*** Opening of Data supplied ***

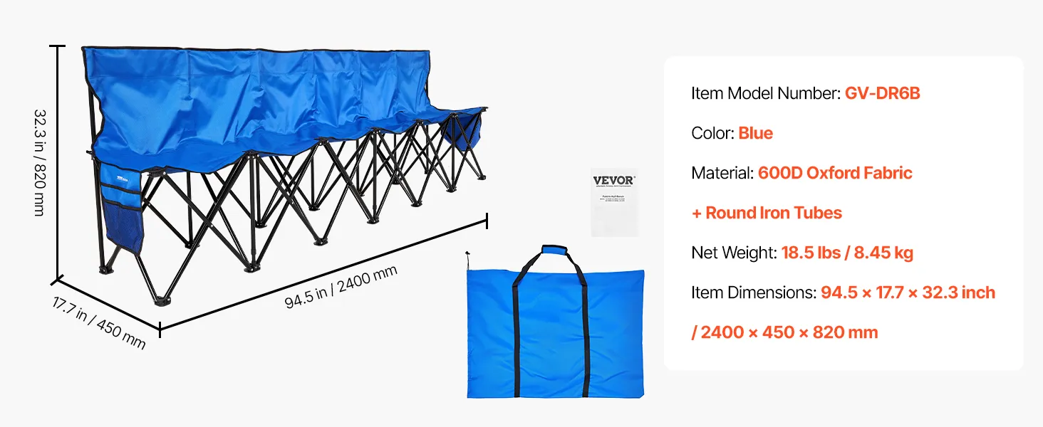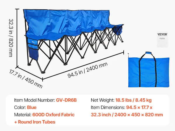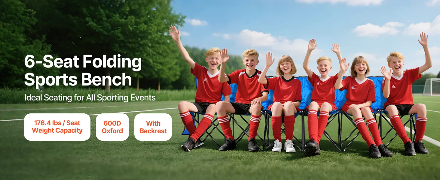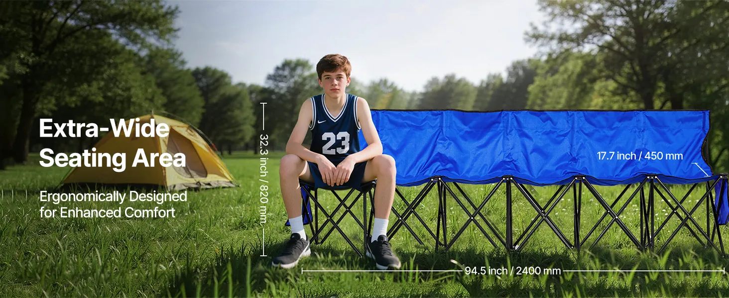 VEVOR 6-kohaline kokkupandav spordipink seljatoe, küljetaskute ja kotiga – Välimängude iste, 240x45x82 cm, sinine
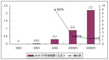 作為SP和移動運營商都非常看好的業(yè)務,JAVA業(yè)務受到眾多SP的青睞。盡管作為JAVA主要業(yè)務的手機游戲目前盈利狀況普遍欠佳,但空中網、美通無線、數字魚等SP仍然大量投入,期待著未來業(yè)務的高速增長。受制于終端和JAVA游戲的表現力,2005年JAVA業(yè)務的SP市場規(guī)模增長率回落到200%,諾盛預計2006年JAVA的使用環(huán)境沒有太大變化,其增長率進一步回落至144%。
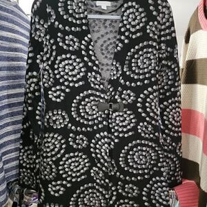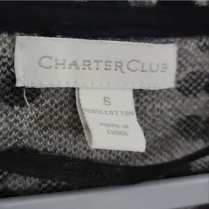 Charter Club long sweater cover-up. Leather snap closure in photos. It's really pretty. Size Small. Material and care instructions in photos. No stains or tares. Non-smoking home. Measurements approximate 29 inches long and 19 inches armpit to armpit.
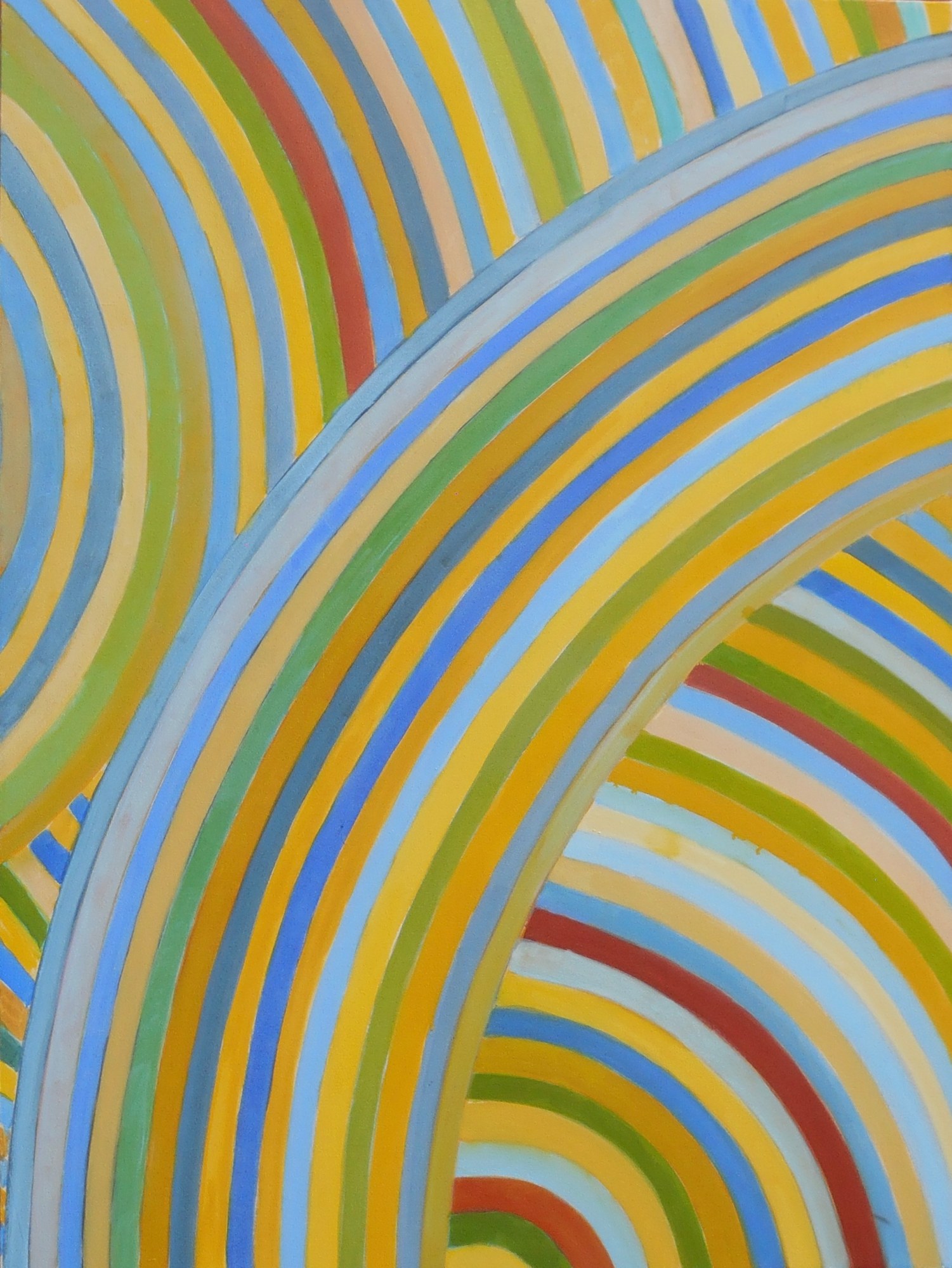 A continuation of the arc series. The colors went in a different direction than what I had envisioned. It works. The arc paintings are about finding new color combinations. An orchestration of colors. Sometimes a few colors, sometimes more. From one to six coats. Each coat is a glaze, and changes the color a little - or a lot. Each coat is a step toward harmony.
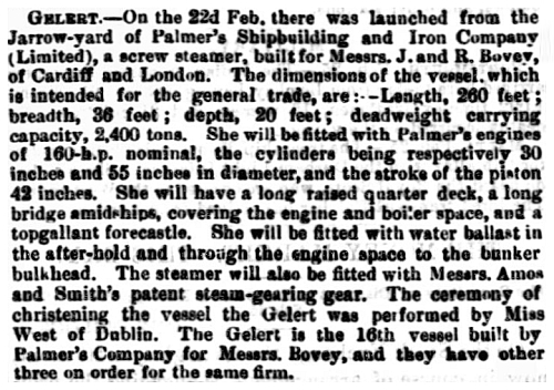 | 28/03/1883 | Gelert Steam Ship Co Ltd, Cardiff |
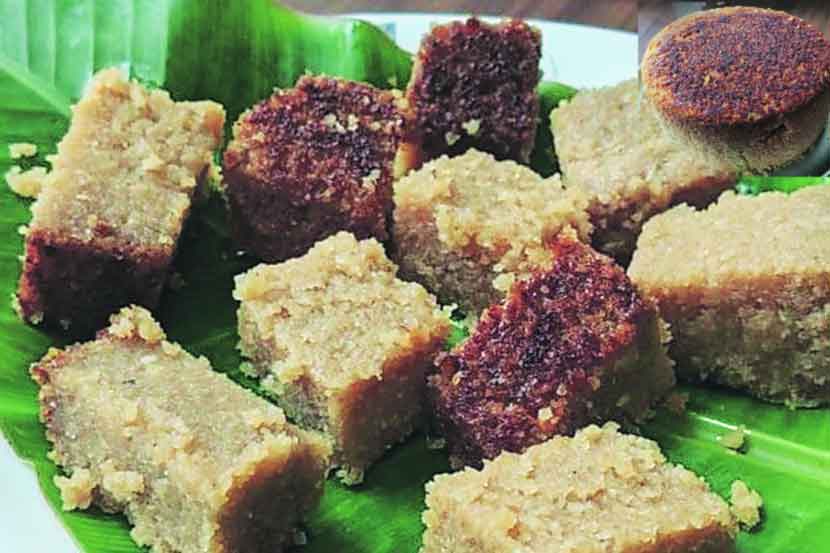 * साहित्य : १ वाटी तांदळाचा रवा, २ वाटी साजूक तूप, २ वाटी गूळ, ३ वाटी नारळाचे दाटसर दूध, १ चमचा वेलची पावडर, १ चमचा जायफळ पावडर, अर्धा चमचा सुंठ पावडर, आवडीनुसार चारोळी आणि काजू-बदामाचे काप, चिमूटभर मीठ.
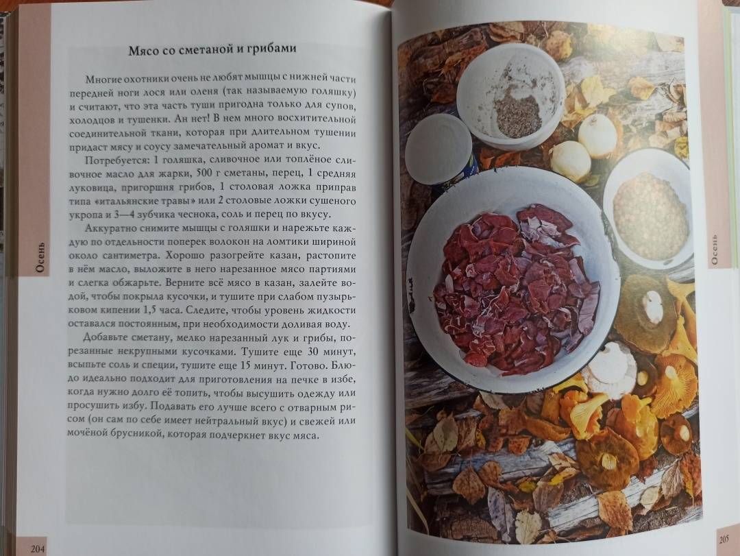 ОписаниеВ этой книге вы найдете не только большое разнообразие рецептов приготовления дичи, которые можно воспроизвести как на хорошо оборудованной базе, так и в лесу у костра или в избушке на печи, но также блюда из рыбы, грибов, диких растений, рецепты полезных заготовок, и описание приёмов, которые облегчат и ускорят приготовление еды в полевых условиях. Книга предназначена прежде всего для охотников, выезжающих на охоту на несколько дней, а также сотрудников охотничьих хозяйств, которые хотели бы хорошо готовить для своих клиентов в любой ситуации, но будет интересна и тем, кто просто любит готовить на природе.В этой книге вы найдете не только большое разнообразие рецептов приготовления дичи, которые можно воспроизвести как на хорошо оборудованной базе, так и в лесу у костра или в избушке на печи, но также блюда из рыбы, грибов, диких растений, рецепты полезных заготовок, и описание приёмов, которые облегчат и ускорят приготовление еды в полевых условиях. Книга предназначена прежде всего для охотников, выезжающих на охоту на несколько дней, а также сотрудников охотничьих хозяйств, которые хотели бы хорошо готовить для своих клиентов в любой ситуации, но будет интересна и тем, кто просто любит готовить на природе.

*** Close of Data supplied ***

Work order:
Exactly reproduce each record, leaving out any pictures.

Output of the task:
 VEVOR 6-kohaline kokkupandav spordipink seljatoe, küljetaskute ja kotiga – Välimängude iste, 240x45x82 cm, sinine
 作為SP和移動運營商都非常看好的業(yè)務,JAVA業(yè)務受到眾多SP的青睞。盡管作為JAVA主要業(yè)務的手機游戲目前盈利狀況普遍欠佳,但空中網、美通無線、數字魚等SP仍然大量投入,期待著未來業(yè)務的高速增長。受制于終端和JAVA游戲的表現力,2005年JAVA業(yè)務的SP市場規(guī)模增長率回落到200%,諾盛預計2006年JAVA的使用環(huán)境沒有太大變化,其增長率進一步回落至144%。
 Charter Club long sweater cover-up. Leather snap closure in photos. It's really pretty. Size Small. Material and care instructions in photos. No stains or tares. Non-smoking home. Measurements approximate 29 inches long and 19 inches armpit to armpit.
 A continuation of the arc series. The colors went in a different direction than what I had envisioned. It works. The arc paintings are about finding new color combinations. An orchestration of colors. Sometimes a few colors, sometimes more. From one to six coats. Each coat is a glaze, and changes the color a little - or a lot. Each coat is a step toward harmony.
 | 28/03/1883 | Gelert Steam Ship Co Ltd, Cardiff |
 * साहित्य : १ वाटी तांदळाचा रवा, २ वाटी साजूक तूप, २ वाटी गूळ, ३ वाटी नारळाचे दाटसर दूध, १ चमचा वेलची पावडर, १ चमचा जायफळ पावडर, अर्धा चमचा सुंठ पावडर, आवडीनुसार चारोळी आणि काजू-बदामाचे काप, चिमूटभर मीठ.
 ОписаниеВ этой книге вы найдете не только большое разнообразие рецептов приготовления дичи, которые можно воспроизвести как на хорошо оборудованной базе, так и в лесу у костра или в избушке на печи, но также блюда из рыбы, грибов, диких растений, рецепты полезных заготовок, и описание приёмов, которые облегчат и ускорят приготовление еды в полевых условиях. Книга предназначена прежде всего для охотников, выезжающих на охоту на несколько дней, а также сотрудников охотничьих хозяйств, которые хотели бы хорошо готовить для своих клиентов в любой ситуации, но будет интересна и тем, кто просто любит готовить на природе.В этой книге вы найдете не только большое разнообразие рецептов приготовления дичи, которые можно воспроизвести как на хорошо оборудованной базе, так и в лесу у костра или в избушке на печи, но также блюда из рыбы, грибов, диких растений, рецепты полезных заготовок, и описание приёмов, которые облегчат и ускорят приготовление еды в полевых условиях. Книга предназначена прежде всего для охотников, выезжающих на охоту на несколько дней, а также сотрудников охотничьих хозяйств, которые хотели бы хорошо готовить для своих клиентов в любой ситуации, но будет интересна и тем, кто просто любит готовить на природе.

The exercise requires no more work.